**What you are asked to do:**
No image is to be carried over; reproduce the rest of the listing word for word.

**Provided data:**
◇ ◇ ◇ ◇
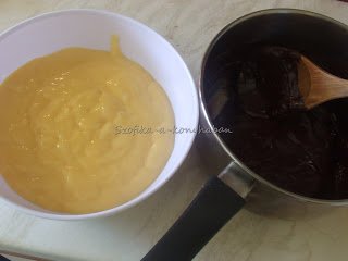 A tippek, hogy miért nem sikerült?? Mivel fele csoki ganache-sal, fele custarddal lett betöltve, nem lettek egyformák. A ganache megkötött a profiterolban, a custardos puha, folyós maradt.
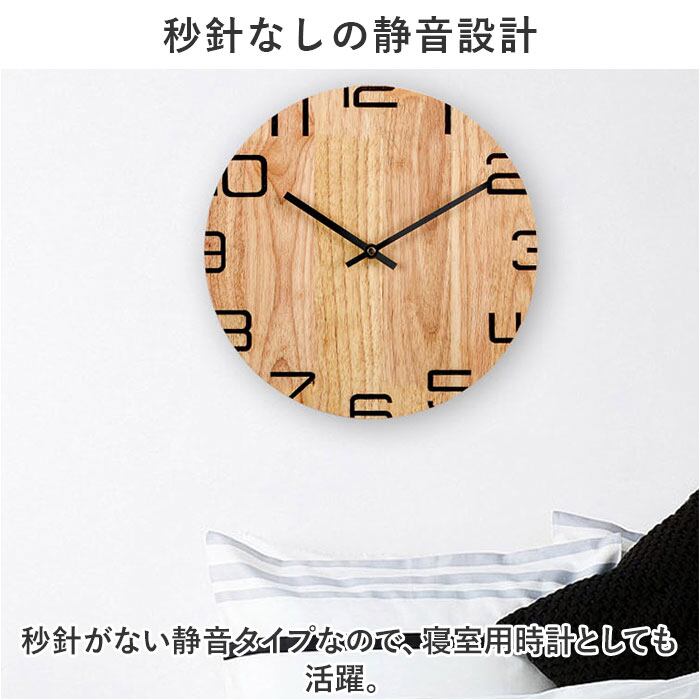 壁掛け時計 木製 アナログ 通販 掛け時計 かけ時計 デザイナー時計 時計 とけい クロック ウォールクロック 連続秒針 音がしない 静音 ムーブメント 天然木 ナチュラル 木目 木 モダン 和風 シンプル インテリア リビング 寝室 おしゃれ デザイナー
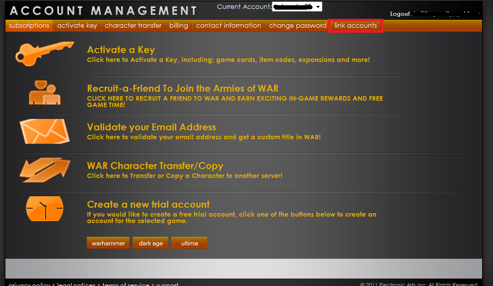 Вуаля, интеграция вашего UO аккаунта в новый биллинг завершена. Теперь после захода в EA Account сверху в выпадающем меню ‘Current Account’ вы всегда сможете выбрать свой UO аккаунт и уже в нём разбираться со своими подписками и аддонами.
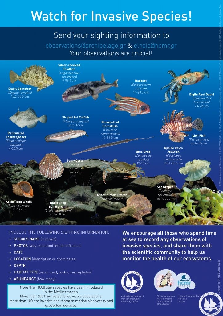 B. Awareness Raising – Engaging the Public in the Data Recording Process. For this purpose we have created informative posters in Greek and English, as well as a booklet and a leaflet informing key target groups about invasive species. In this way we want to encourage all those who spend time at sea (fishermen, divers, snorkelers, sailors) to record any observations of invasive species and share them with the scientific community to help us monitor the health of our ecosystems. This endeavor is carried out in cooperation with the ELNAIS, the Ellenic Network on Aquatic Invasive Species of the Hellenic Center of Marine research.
◇ ◇ ◇ ◇
**Expected answer:**
 A tippek, hogy miért nem sikerült?? Mivel fele csoki ganache-sal, fele custarddal lett betöltve, nem lettek egyformák. A ganache megkötött a profiterolban, a custardos puha, folyós maradt.
 壁掛け時計 木製 アナログ 通販 掛け時計 かけ時計 デザイナー時計 時計 とけい クロック ウォールクロック 連続秒針 音がしない 静音 ムーブメント 天然木 ナチュラル 木目 木 モダン 和風 シンプル インテリア リビング 寝室 おしゃれ デザイナー
 Вуаля, интеграция вашего UO аккаунта в новый биллинг завершена. Теперь после захода в EA Account сверху в выпадающем меню ‘Current Account’ вы всегда сможете выбрать свой UO аккаунт и уже в нём разбираться со своими подписками и аддонами.
 B. Awareness Raising – Engaging the Public in the Data Recording Process. For this purpose we have created informative posters in Greek and English, as well as a booklet and a leaflet informing key target groups about invasive species. In this way we want to encourage all those who spend time at sea (fishermen, divers, snorkelers, sailors) to record any observations of invasive species and share them with the scientific community to help us monitor the health of our ecosystems. This endeavor is carried out in cooperation with the ELNAIS, the Ellenic Network on Aquatic Invasive Species of the Hellenic Center of Marine research.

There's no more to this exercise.